Now we are ready to arriving to a solution.

In [None]:
def solutions(in: String): Seq[String] = {
    parts(in.toLowerCase).flatMap(candidate => findWords(candidate))
}

Doing a couple of performance tests
-----------------------------------
Let's employ 9 characters as the specification says. But let's also play with a bit more.

In [None]:
def test(letters: String): (Seq[String], Long) = {
    val before = new java.util.Date().getTime()
    val result = solutions(letters)
    val after  = new java.util.Date().getTime()
    val elapsed = after - before
    (result, elapsed)
}

In [None]:
{
    val (result, milliseconds) = test("aimlessly")
}

In [None]:
{
    val (result, milliseconds) = test("confirmed")
}

In [None]:
{
    val (result, milliseconds) = test("performance")
}

In [None]:
{
    val (result, milliseconds) = test("development")
}

In [None]:
{
    val (result, milliseconds) = test("Antidisestablishmentarianism")
}

Conclusion
----------

Access time around ~20ms for candidate words of 9 letters looks pretty good.

The first part of the exploration was not really used in the final solution, but helped as an explorarion of the problem domain and, in particular, in regards to performance issues.

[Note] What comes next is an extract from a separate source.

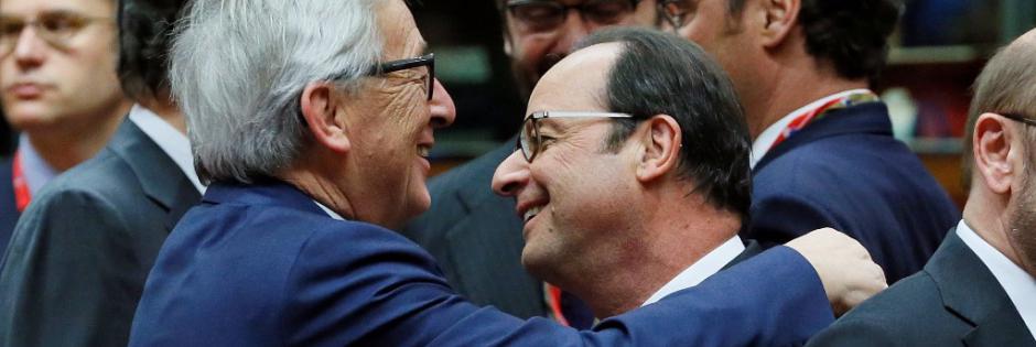 Juncker e Hollande oggi al Consiglio europeo (foto LaPresse)

But... if the input source was already sorted (or at least apparently sorted or apparently partially sorted)... why then creating expending extra time loading a relatively complex data structure? Couldn't the idea of a binary search be applicable straight away to a large ``Array[String]`` which contains all dictionary words?

The short answer is: if you are willing to perform just a couple of queries... yes. However, if you are willing to provide a service which performs well under load then, in this case, performance is key and every millisecond counts.

And there's still more room for optimization.